WRITING LESSONS. A lesson in detail, from Frederick Lewis Allen's The Big Change: America Transforms Itself, 1990-1950:
The sights and sounds and sensations of horse-and-carriage life were part of the universal American experience [in 1900]: the clop-clop of horses' hoofs; the stiff jolting of an iron-tired carriage on a stony road; the grinding noise of the brake being applied to ease the horse on a downhill stretch; the necessity of holding one's breath when the horse sneezed; the sight of sand, carried up on the tires and wooden spokes of a carriage wheel, spilling off in little cascades as the wheel revolved; the look of a country road overgrown by grass, with three tracks in it instead of two, the middle one made by horses' hoofs; the special male ordeal of getting out of the carriage and walking up the steeper hills to lighten the load; and the more severe ordeal, for the unpracticed, of harnessing a horse which could recognize inexperience at one scornful glance.
This reminds me of the streetcar scene in Welles' film of The Magnificent Amberson, in which the men get out of the vehicle as it waits on a passenger, smoke and chat, and then give the car a push to help it on its way. But the bit about the horse's sneeze is new and startling to me. The hygenic details of simpler times can pull us sharply into the scene. (Allen also writes evocatively about spitoons.)

A lesson in synthesis of details, from Timothy J. Gilfoyle's A Pickpocket's Tale: The Underworld of Nineteenth-Century New York:
In the final decades of the nineteenth century, the opium dens of Chinatown facilitated and represented an ill-defined, inarticulate bohemian world.

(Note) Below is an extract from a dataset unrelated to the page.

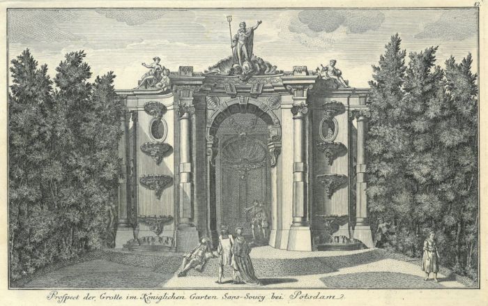 Prospect der Grotte im Königlichen Garten Sans-Soucy bei Potsdam, im Vordergrund mehrere Personen.
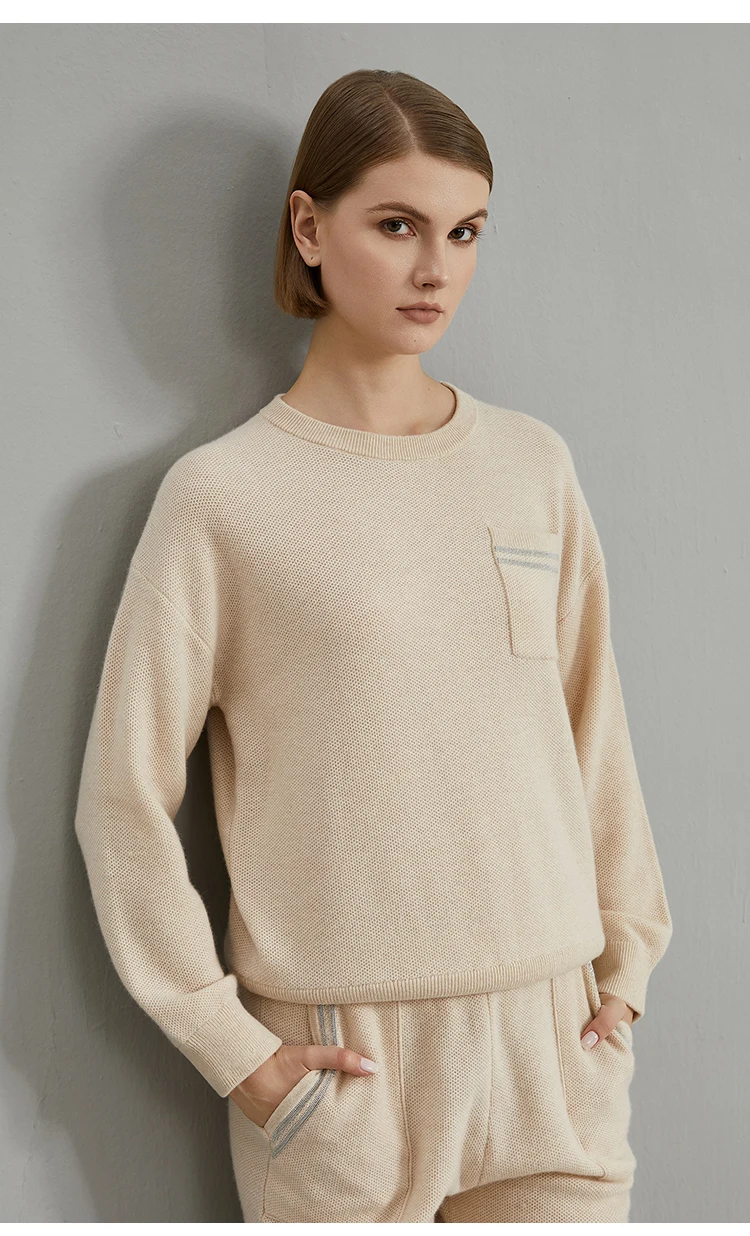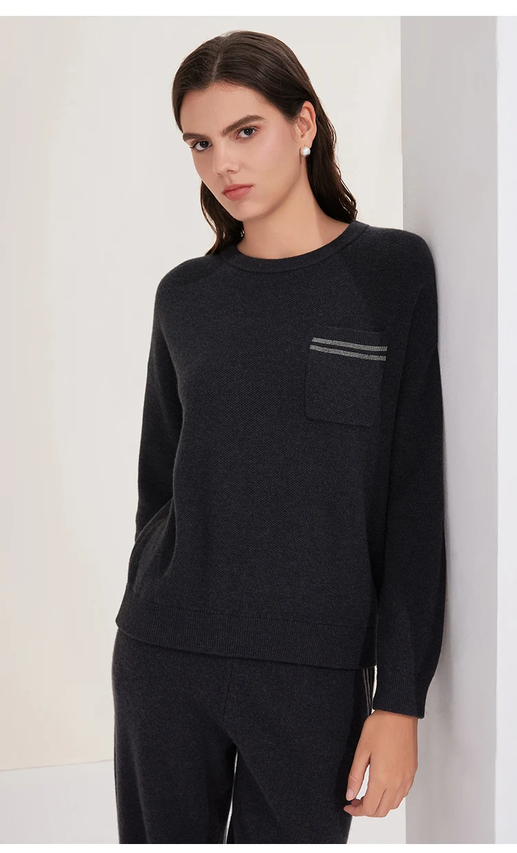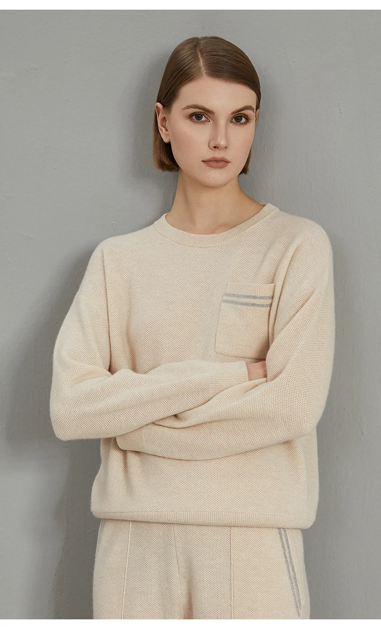 whether full opening:No Hign-concerned Chemical:None Release Date:Autumn 2025 Craft of Weaving:Knit Pattern:Loose-fitting Yarn Thickness:Regular yarn Percentage of Material:95% above Season:Autumn Age:35-45 Years Fabric Weight:Medium (Fabric Weight 120–220 g/m²) Model Number:BC873 Place Of Origin:China (mainland) Pattern Type:Solid Gender:Women Sleeve Length(cm):Full Style:Casual Decoration:Pockets Material:Wool Sleeve Style:regular Collar:Crew Neck Clothing Length:regular Material Composition:wool Brand Name:Serathinan Closure Type:Pullover Elasticity:Slight Strech Fit Type:Loose

While this intercultural milieu fostered little intellectual debate, displayed less middle-class self-consciousness, and attracted fewer females compared with Greenwich Village bohemia after 1900, it nevertheless embodied a liminal space fostering an ethic of mutuality, hedonism, and fantasy. The bohemia George Appo confronted in these early opium dens at once conveyed an exotic and erotic "Orientalism" alongside a "rough," male underworld. In Gotham's opium dens pickpockets like Appo met their "genteel" Victorian counterparts. Respectable actors, actresses, artists, and "clubmen" fraternized with sneak thieves, confidence men, and prostitutes. Evoking an ambiance of Asian mystery, this hidden subculture was devoted to the pleasures of the pipe and the body. Opium smoking then gave birth to a distinct American bohemia.
This called to my mind a hundred years of fringe-dweller imagery -- beaded curtains, orgies, koans, Theosophy, incense, tribal body ornamentation, African masks, seances, and the guy who seems cool but steals your stash -- and reassembled it. I had some idea of the relationship of criminal life to bohemianism, thanks in large part to Luc Sante and my own experience, but Gilfoyle's elegant generalization gathered in what I knew and tied a nice bow on it.

Good writers can work either end of the telescope.